While the points made sound very pertinent, in reality these are not being implemented. For example, the conditions of small and marginal farmers have not improved during the past six years and partnerships with farmers’ organisations are virtually absent. Moreover, the federal spirit is missing and this has been alleged by many State organisations. Thus, the bonding claimed by Modi with peoples’ organizations is difficult to accept.
Insofar with regard to closeness of the government with business groups and industry associations is obviously accepted because its focus is helping industry in all possible ways. But available data reveals that the investment of industry in R&D is very meager compared to most emerging economies. Thus to accept that the private sector would steer innovation and bring about technological changes is nothing but wishful thinking.
If reforms had any effect, this was not manifest during the pandemic and the country is witness to the sufferings of migrant workers and labour for over six months or so. Moreover, delving into the job scenario, it has been found that compared to 6.1 per cent unemployment rate among youth (aged 15 to 29) in 2012, this has increased to over 20 per cent during 2019, as per a recent paper of labour economist Prof. Santosh Mehrotra. A guess that the rate must have increased to around 25 per cent in the past year, that is 2020, would not be wrong.
Also India’s ranking would not have slipped to 131 out of 189 countries in the UNDP’s Human Development Index (HDI) for 2019, down one step from rank 130 in the previous year. Even Bhutan ranked 134th last year and leapfrogged India to the 129th spot. The report found that India’s gross national income per capita had fallen to $6681 (Rs 4.9 lakh) in 2019 from $ 6829 (Rs 5.03 lakh) in 2018 on the basis of purchasing power parity. According to an expert of the Centre for the Study of Regional Development of JNU, “the slide in global ranking is proof that private investment is unlikely to deliver gains in the social sector”.

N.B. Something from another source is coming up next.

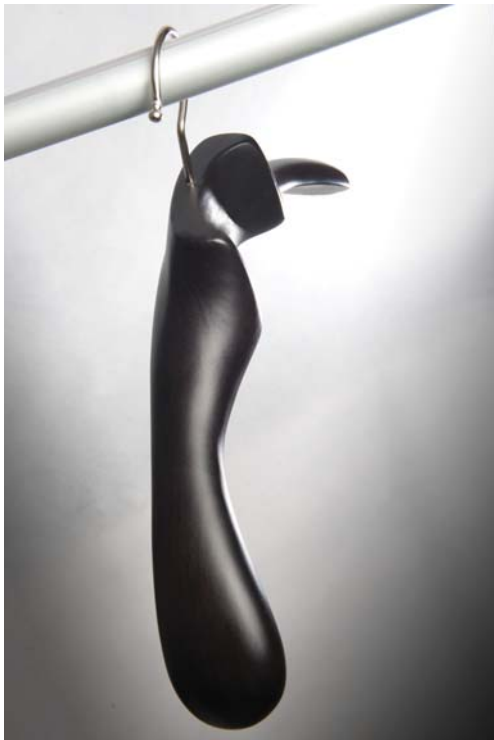
Kleiderbügel für Herrn/Unisex - Schulterbreite 45/42 cm

In fact, after two decades of progress, the number of people affected by hunger has been increasing since the low of 628 million in 2014. In 2019, the number was 688 million, up 60 million in only five years, the UNDP report stated. Estimates for 2020, including the effect of Covid -19 pandemic, range from 780 million people affected by hunger to 829 million. All this again proves that so-called reforms have had no effect on the socio-economic situation.
The present scenario may be encouraging for the industrial sector with improvements quite fast and deceleration expected to be much less to around 7.3 per cent in the current fiscal, as recently predicted by NCAER. But the conditions of the economically weaker sections and the poor are indeed critical and there is no effort by the government to redress their suffering. Though we hear of various welfare schemes, announced with much fanfare, the question is whether these are reaching the real beneficiaries at the grass-root levels, specially in backward regions?
The advance of technology has benefitted the upper echelons of society but not the rural population, most of whom have to struggle for an existence. One may mention here that the Indian Council for Agricultural Technology (ICAR) has lavish guest houses in many cities but does not have the requisite infrastructure to help and advice small farmers in sub-divisions and blocks of the country. It can very well be affirmed that technology has mostly served the interests of the upper echelons of society and negligible benefit has accrued to the struggling masses.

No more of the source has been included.